--- Given records ---
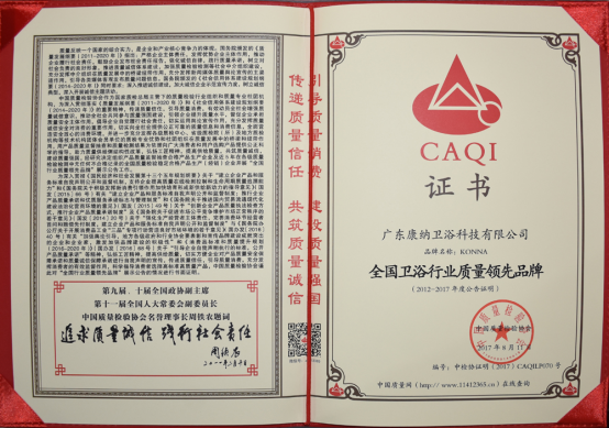 2017年,继荣获“质量创新奖”、“中国科技创新绿色环保行业十佳知名品牌”等殊荣之后,近日,康纳卫浴又蝉联中国质量检验协会颁发的“全国卫浴行业质量领先品牌”,并获得 “全国质检稳定合格产品”专用标识。成绩斐然,是业界对康纳卫浴的高度认可!
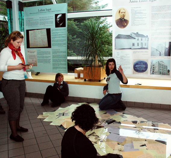 | Historiestudentene gjør ferdig utstillinga. Foto: Maja Sojtaric |
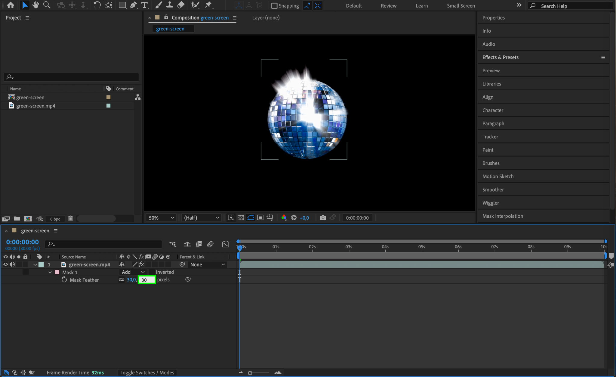 Select your mask in the timeline and adjust the Mask Feather property to soften the edges. This helps blend the subject naturally with the new background. A feather value of 10-30 pixels often works well, but this depends on the footage.
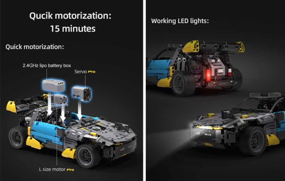 В некоторых моделях зданий и техники предусмотрена подсветка и, в случае машин и техники - возможность установить электропривод и аккумулятор, превратив модель в радиоуправляемую. CaDa не уступает Lego по техническим возможностям и качеству, при этом являясь отличным совместимым дополнением.
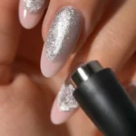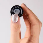 En sølvhvit gelélakk med magnetisk cat eye-effekt og glitrende partikler. Gir et tredimensjonalt og speilende vinteruttrykk.
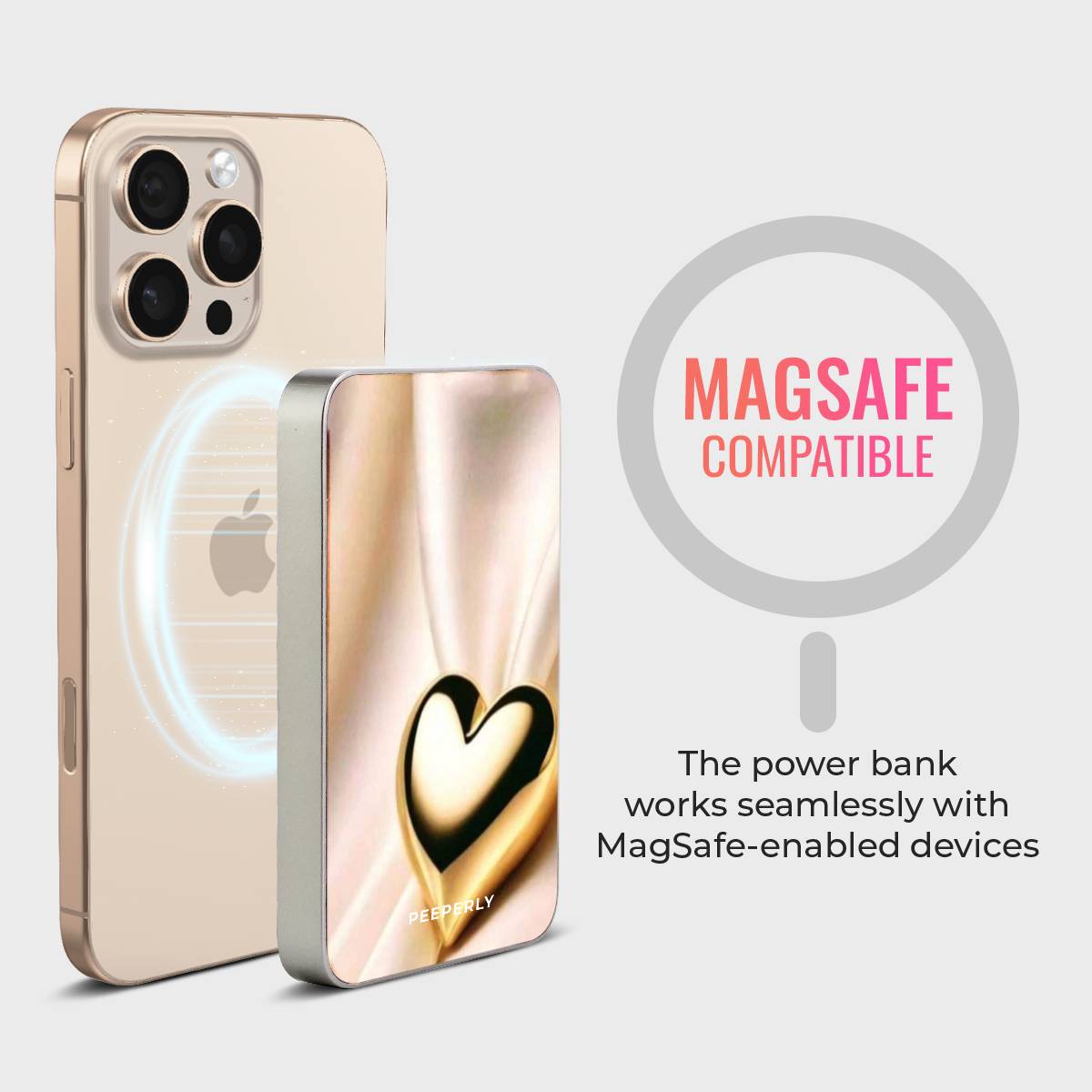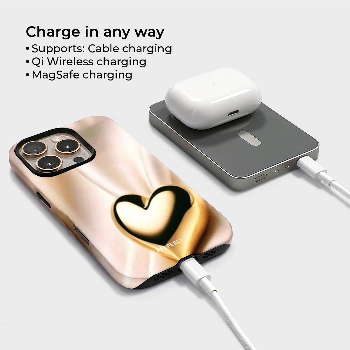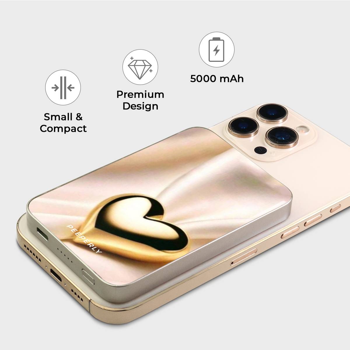 The Luxe Affection Magnetic Power Bank features a radiant gold heart set against a silky, light-reflecting backdrop, creating a look that feels warm, elegant, and undeniably luxe. Minimal yet striking, this design brings a sense of romance and sophistication to your everyday tech.
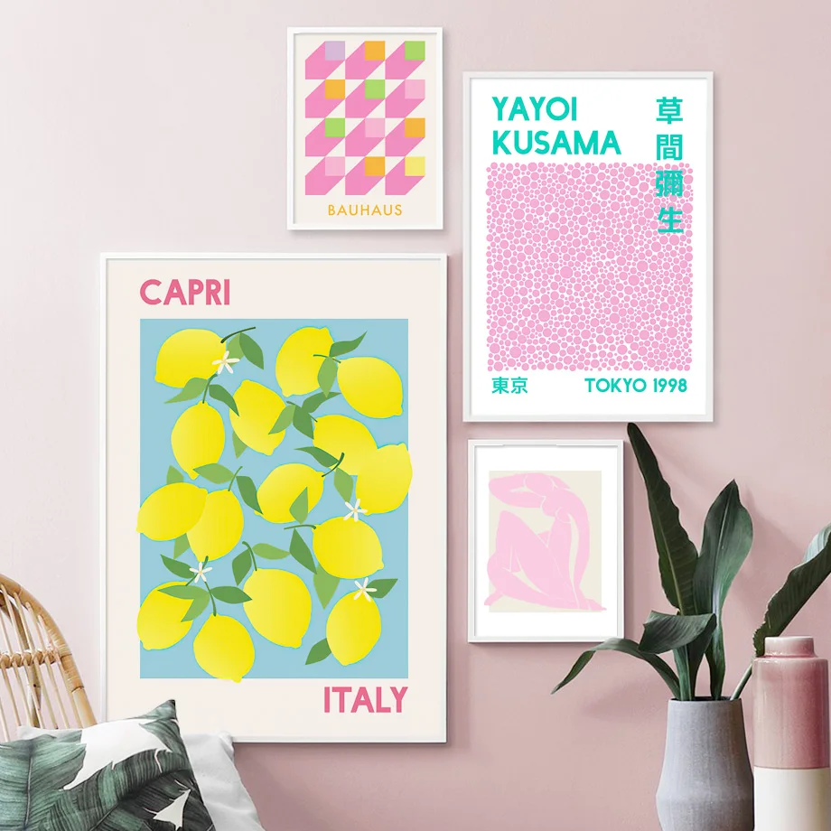 Абстрактный Водолей розовый синий Bauhaus фруктовый настенный художественный Принт Холст Картина скандинавский плакат Настенные картины для гостиной домашний декор
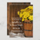 Annoncez votre prochaine cérémonie de mariage avec le charmant seau en bois et les marguerites jaunes Country Barn Wedding Enregistrer la date Annonces. Ce mariage de ranch personnalisé informel mais élégant garde le faire-part date dispose d'une photographie fleurie numériquement pittoresque d'un seau en bois rempli de fleurs de marguerites jaunes et d'un arrière - plan rustique et patiné en bois de grange brun.
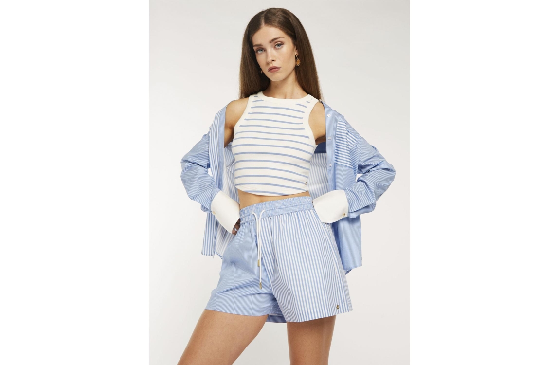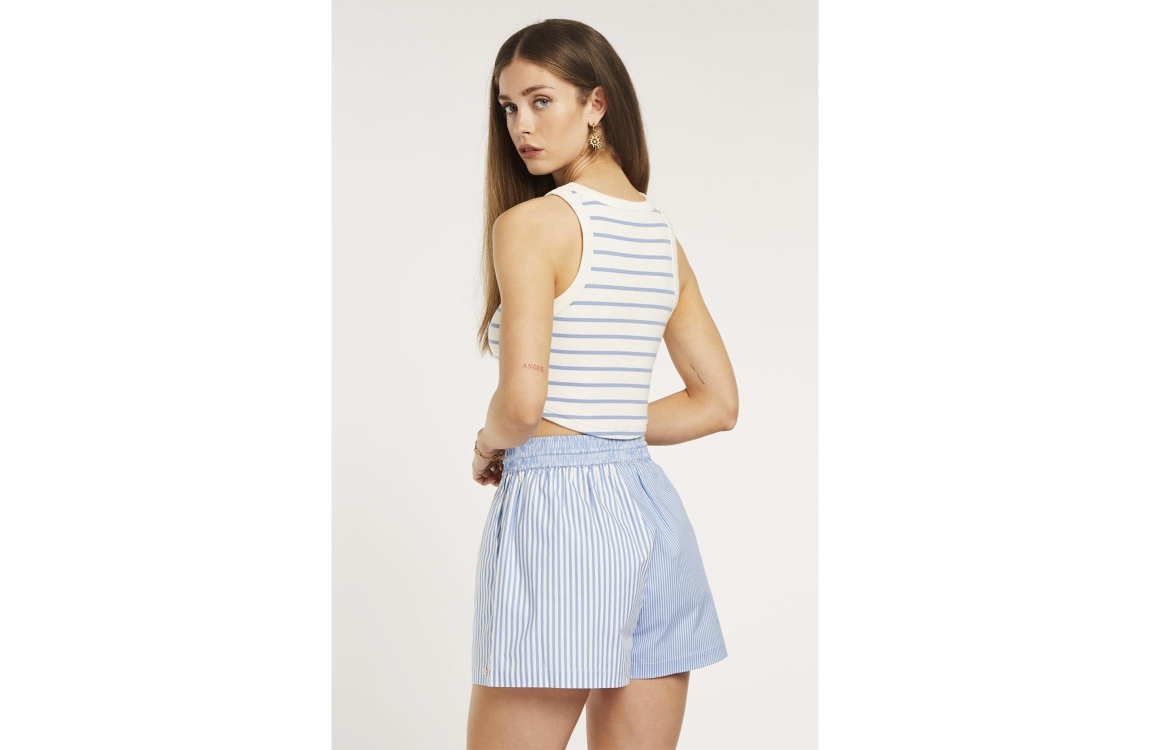 Josh V short Sherry JV-2405-0603. Dit rechtvallend model sluit door middel van een elastische boord en trekkoorden. Deze blauwe/witte short van Josh V is voorzien van twee steekzakken aan de voorzijde en is bewerkt met een streepprint.
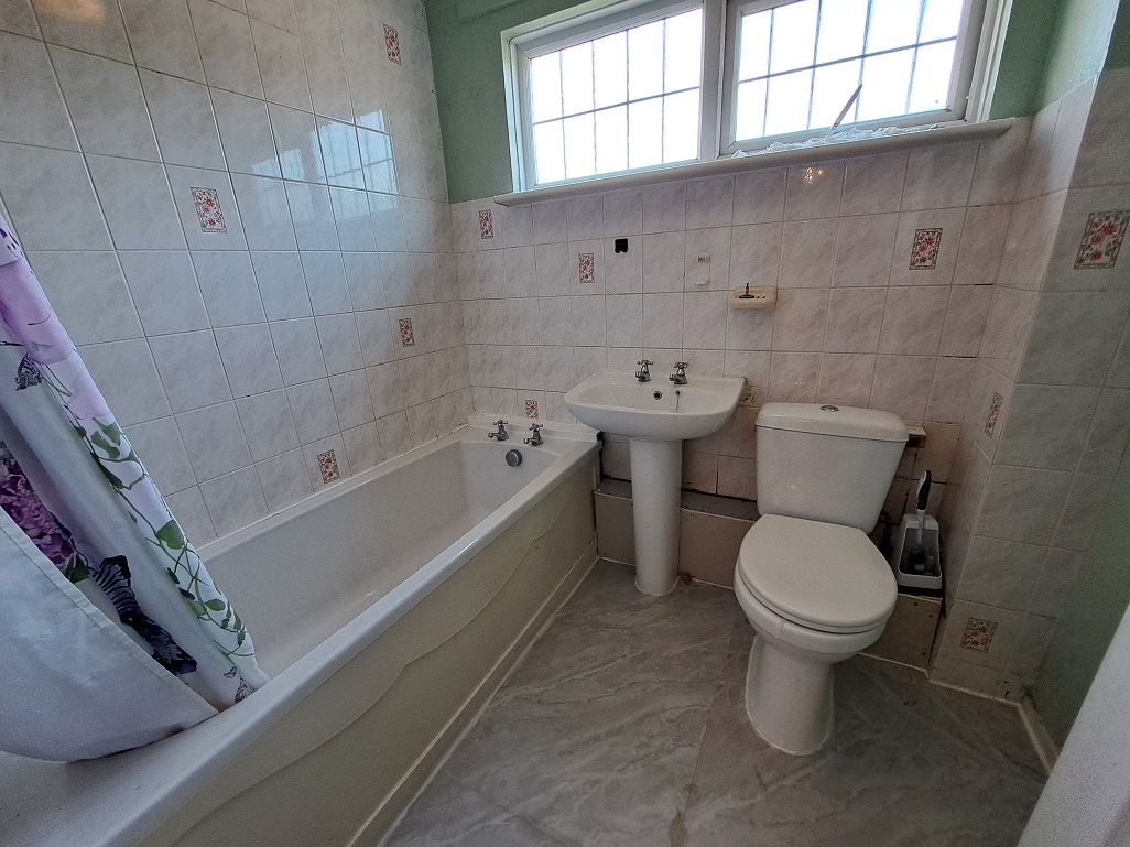 Modern white suite comprising a panelled bath, pedestal wash hand basin and a push button WC. Fitted thermostatic mixer shower over the bath with concealed pipework. Partly tiled walls. Vinyl type flooring. Coved ceiling. Opaque UPVC double glazed window.
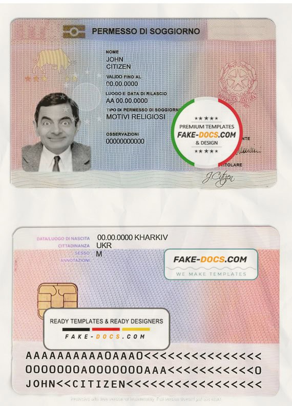 Italy residence permit card Psd Template. Fully editable photoshop template. High quality template. Easy to customize, Layer based, fonts included. you can edit this template and  put any name, address, license number, Id number, birth date, height, weight, expire date, change photos etc. This Photoshop template is a layer based psd file and it’s easy to Editing.To modify this photoshop template file you will need a Photo editing software such as Adobe Photoshop No need to be expert on editing software like adobe Photoshop. However, You just have to basic knowledge on adobe photoshop, to edit this template. Never used low quality template. Your account may be suspended.
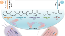 All bacterial strains and plasmids used or constructed in this study are listed in Supplementary Table 1. Primers used in this work for DNA fragment amplification or verification are listed in Supplementary Table 2. Routine cultures of Pseudomonas putida and Escherichia coli for plasmid construction and preculture were grown in 5 mL Luria Broth (LB) medium with appropriate antibiotics (50 μg/mL kanamycin or 100 μg/mL streptomycin) and at 30 and 37 °C, respectively. All batch fermentations were conducted using 50 mL modified M9 minimal medium supplemented with specific carbon sources at 30 °C and 250 rpm. To address the poor solubility of the free acid form of TPA in water, Na2TPA was used as a substrate, along with EG, for pure TPA/EG fermentation.
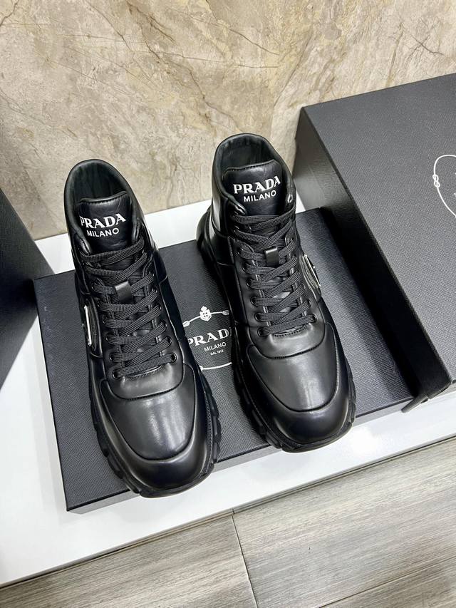 Prada 普拉达 男士系带中邦皮革运动鞋
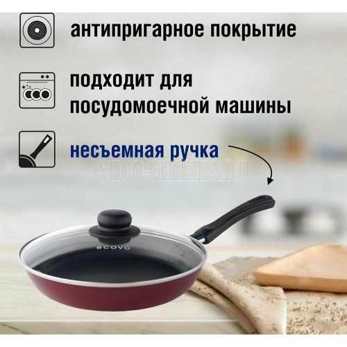 Диаметр 24см. Крышка стекл. Основание алюминий 1,8 мм. Внешнее покрытие декоративное, цвет- Бордовый. Европейская фурнитура. Быстрый и равномерный нагрев. Высокие антипригарные свойства. Подходит для газовых плит, стеклокерамических плит и электроплит. Можно мыть в посудомоечной машине.
---
(Problem statement) Every line from the one with "Modern white suite" through the end of the records above belongs in the answer, copied exactly; no picture does.

(Task response)
 Modern white suite comprising a panelled bath, pedestal wash hand basin and a push button WC. Fitted thermostatic mixer shower over the bath with concealed pipework. Partly tiled walls. Vinyl type flooring. Coved ceiling. Opaque UPVC double glazed window.
 Italy residence permit card Psd Template. Fully editable photoshop template. High quality template. Easy to customize, Layer based, fonts included. you can edit this template and  put any name, address, license number, Id number, birth date, height, weight, expire date, change photos etc. This Photoshop template is a layer based psd file and it’s easy to Editing.To modify this photoshop template file you will need a Photo editing software such as Adobe Photoshop No need to be expert on editing software like adobe Photoshop. However, You just have to basic knowledge on adobe photoshop, to edit this template. Never used low quality template. Your account may be suspended.
 All bacterial strains and plasmids used or constructed in this study are listed in Supplementary Table 1. Primers used in this work for DNA fragment amplification or verification are listed in Supplementary Table 2. Routine cultures of Pseudomonas putida and Escherichia coli for plasmid construction and preculture were grown in 5 mL Luria Broth (LB) medium with appropriate antibiotics (50 μg/mL kanamycin or 100 μg/mL streptomycin) and at 30 and 37 °C, respectively. All batch fermentations were conducted using 50 mL modified M9 minimal medium supplemented with specific carbon sources at 30 °C and 250 rpm. To address the poor solubility of the free acid form of TPA in water, Na2TPA was used as a substrate, along with EG, for pure TPA/EG fermentation.
 Prada 普拉达 男士系带中邦皮革运动鞋
 Диаметр 24см. Крышка стекл. Основание алюминий 1,8 мм. Внешнее покрытие декоративное, цвет- Бордовый. Европейская фурнитура. Быстрый и равномерный нагрев. Высокие антипригарные свойства. Подходит для газовых плит, стеклокерамических плит и электроплит. Можно мыть в посудомоечной машине.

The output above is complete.